The man glared at her and then smiled through his thick, white-streaked, bushy beard. He was a large man, about
equal parts fat and muscle. A half-closed dead-eye, two fingers remaining on his left hand and a patchwork of scar tissue on his face told of a long life as a warrior. His boiled-leather armour was also well scarred, and had been stained black at some point in its past. He started to laugh, a low, rumbling sound.
‘I like you, but I want to kill the demon,’ he told her.
‘So did your friend, and look where that got him.’ She nodded to the corpse on the ground. ‘And this is no demon. Don’t make excuses for your people’s weakness.’
‘They wanted to burn Essyllt and some of the others,’ Kush managed.
‘Why?’ she demanded of the thick-set bearded man. The man she’d hit in the throat appeared to be recovering and more warriors were surrounding them. Back in the trees she could see the other survivors advancing. Some of them had makeshift weapons and looked just about desperate enough to use them. Germelqart had his club. She saw Mabon, knife in hand, moving and ready to attack one of the armoured warriors. It would be a massacre.

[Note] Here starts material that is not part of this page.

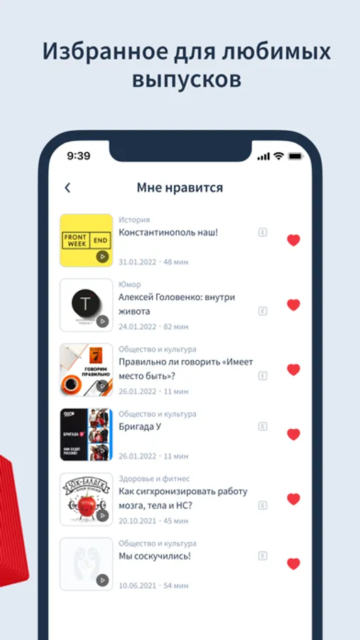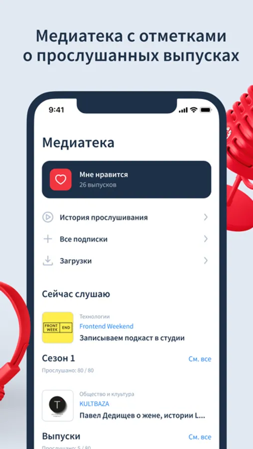 Слушайте подкасты онлайн, или скачивайте для прослушивания в удобное для вас время, без подключения к интернету. Отмечайте прослушанные эпизоды подкастов, чтобы не запутаться. Выберите удобную скорость для прослушивания и поставьте таймер сна, чтобы засыпать под любимый подкаст.

‘They have the sickness,’ the bearded man said.
‘So?’ replied Tangwen.
‘We burn them, it doesn’t spread.’
‘They have travelled with us, and none of us has caught it. It comes from the spawn of Andraste, abominations of the goddess, not the afflicted themselves.’
‘Are you a dryw, to know this?’
‘Are you?’ Tangwen demanded angrily.
The warrior opened his mouth to answer.
‘Nerthach acts under my orders.’ The voice was quiet enough, but carried. Tangwen risked a quick glance in the direction from which it came. The speaker wore the black robe of a dryw, one of the sacrificers. The robe was open – he wore armour underneath it – and although he leaned on a gnarled staff, a sheathed sword hung from his belt. The hood of his robe hid most of his facial features, but a long beard with a braided moustache hung down from it. He was built similarly to the warrior with the dead-eye but looked to be less fat and more muscle. Tangwen was pretty sure she knew who he was.